START GIVEN MATERIAL

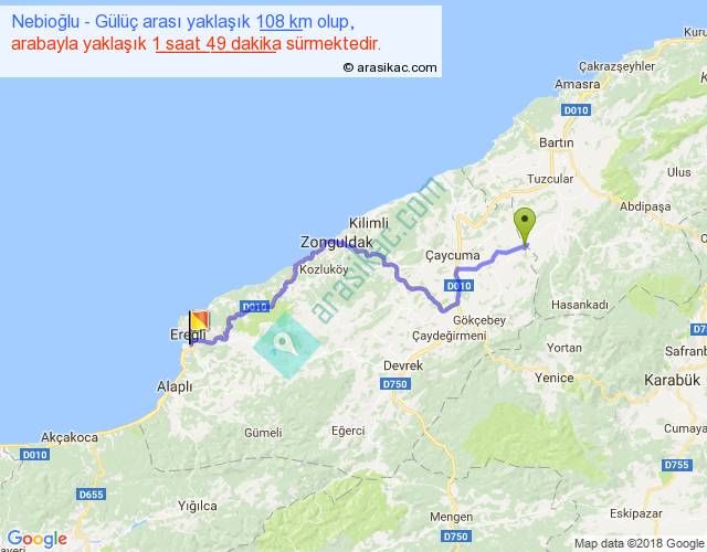 Nebioğlu - Gülüç arası yaklaşık olarak 90 km/h ile yukarıda belirtilen sürede olup, iki yerin kuş uçuşu uzaklığı (mesafesi) 72'dir. Yolculuk otobüsle 2 saat 21 dakika sürmektedir.
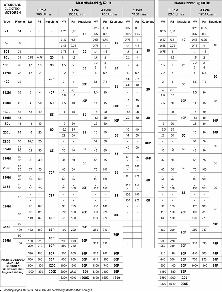 Auswahltabelle ROTOFLUID Flüssigkeitskupplungen für 50Hz, 60Hz UNEL MEC Elektromotoren
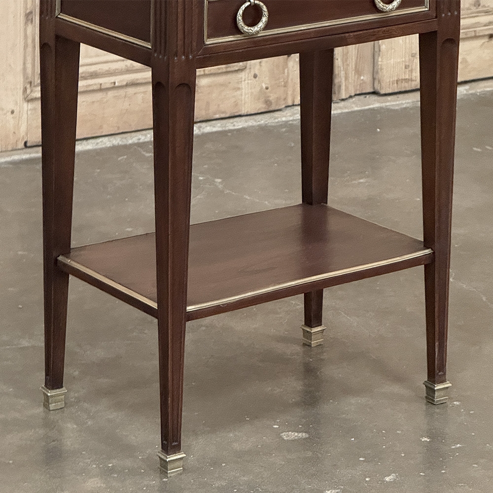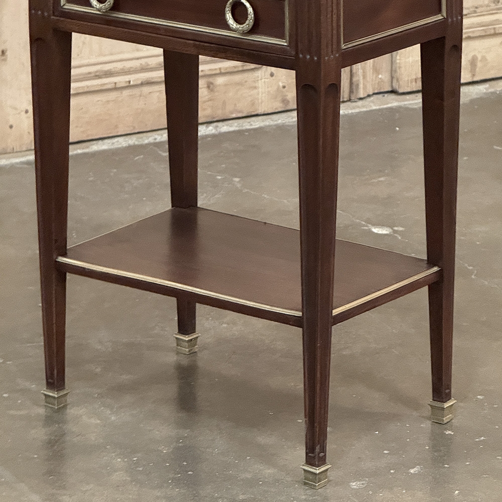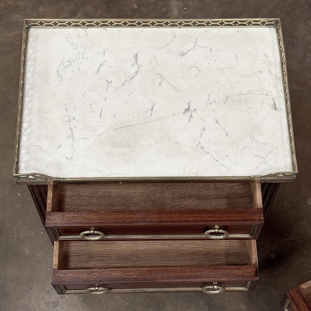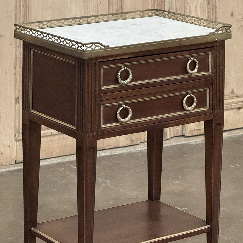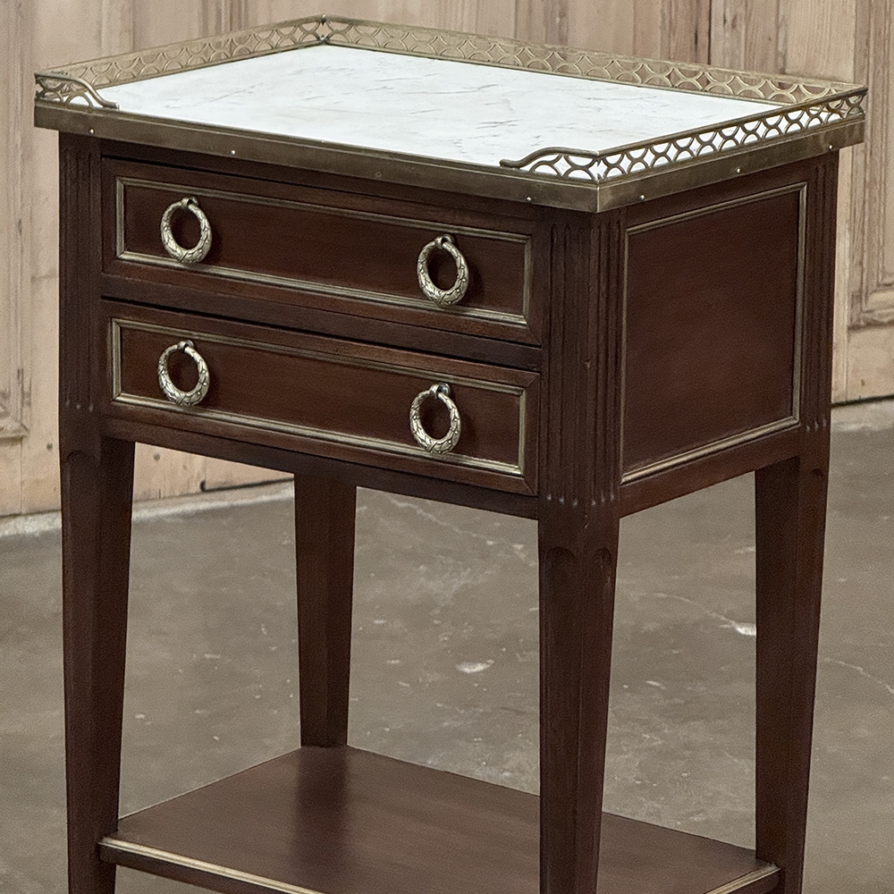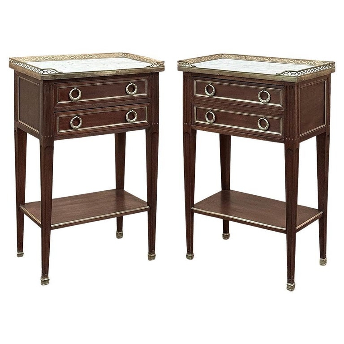 Pair Antique French Louis XVI Neoclassical End Tables with Carrara Marble are ideal companions for any setting. Hand-crafted from exotic imported mahogany, each showcases the sheer natural beauty of the exotic imported wood. One immediately notices the luxurious Carrara marble top, surrounded by a pierced brass gallery fence. Support is provided by four corner posts with fluting on the front, with each affixed to four tapered and scalloped legs tipped with brass feet. Below is also a convenient and attractive lower display/storage shelf trimmed in brass. Each piece also sports a brace of convenient drawers stacked one on top of the other in the casework, with each outlined in brass trim and fitted with a beautiful cast brass ring pull. Note the dovetail workmanship on the sides of the drawers.
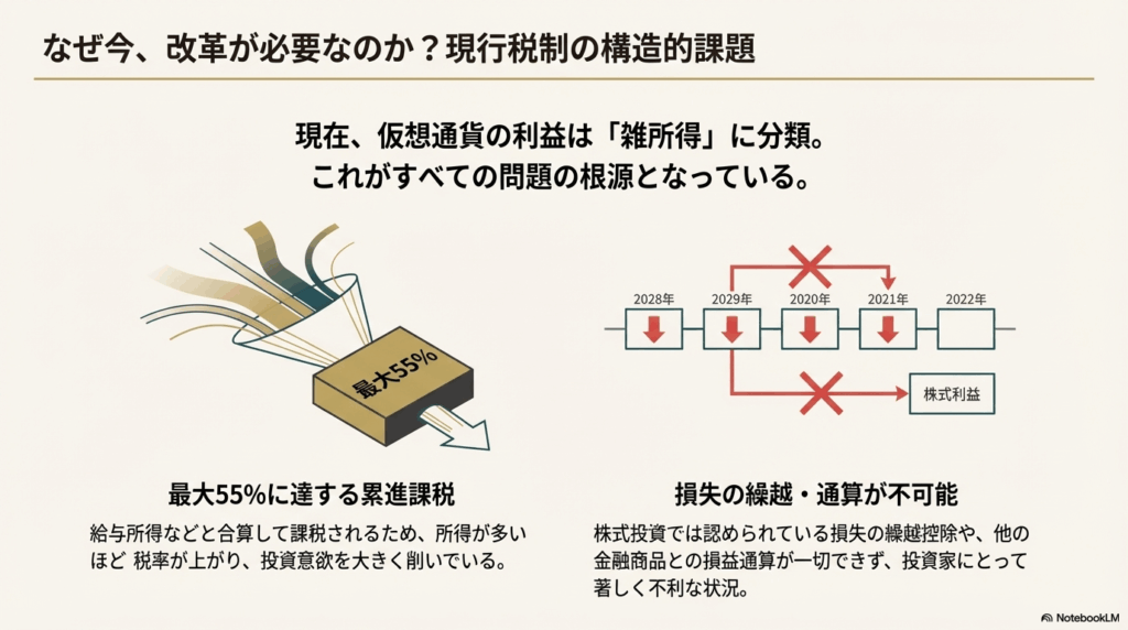現在、日本では仮想通貨の利益は「雑所得」に分類され、給与などと合算して課税される。所得に応じて税率が上がり、最大55%に達することがあるほか、株式と異なり損益通算損失の繰越控除が認められていない。こうした高い税負担と複雑な制度が国内投資家の負担となり、資金流出を招くとの指摘があった。

END GIVEN MATERIAL

* WORK TO BE COMPLETED
Print the material above verbatim, no images.

* COMPLETED EXERCISE
 Nebioğlu - Gülüç arası yaklaşık olarak 90 km/h ile yukarıda belirtilen sürede olup, iki yerin kuş uçuşu uzaklığı (mesafesi) 72'dir. Yolculuk otobüsle 2 saat 21 dakika sürmektedir.
 Auswahltabelle ROTOFLUID Flüssigkeitskupplungen für 50Hz, 60Hz UNEL MEC Elektromotoren
 Pair Antique French Louis XVI Neoclassical End Tables with Carrara Marble are ideal companions for any setting. Hand-crafted from exotic imported mahogany, each showcases the sheer natural beauty of the exotic imported wood. One immediately notices the luxurious Carrara marble top, surrounded by a pierced brass gallery fence. Support is provided by four corner posts with fluting on the front, with each affixed to four tapered and scalloped legs tipped with brass feet. Below is also a convenient and attractive lower display/storage shelf trimmed in brass. Each piece also sports a brace of convenient drawers stacked one on top of the other in the casework, with each outlined in brass trim and fitted with a beautiful cast brass ring pull. Note the dovetail workmanship on the sides of the drawers.
現在、日本では仮想通貨の利益は「雑所得」に分類され、給与などと合算して課税される。所得に応じて税率が上がり、最大55%に達することがあるほか、株式と異なり損益通算損失の繰越控除が認められていない。こうした高い税負担と複雑な制度が国内投資家の負担となり、資金流出を招くとの指摘があった。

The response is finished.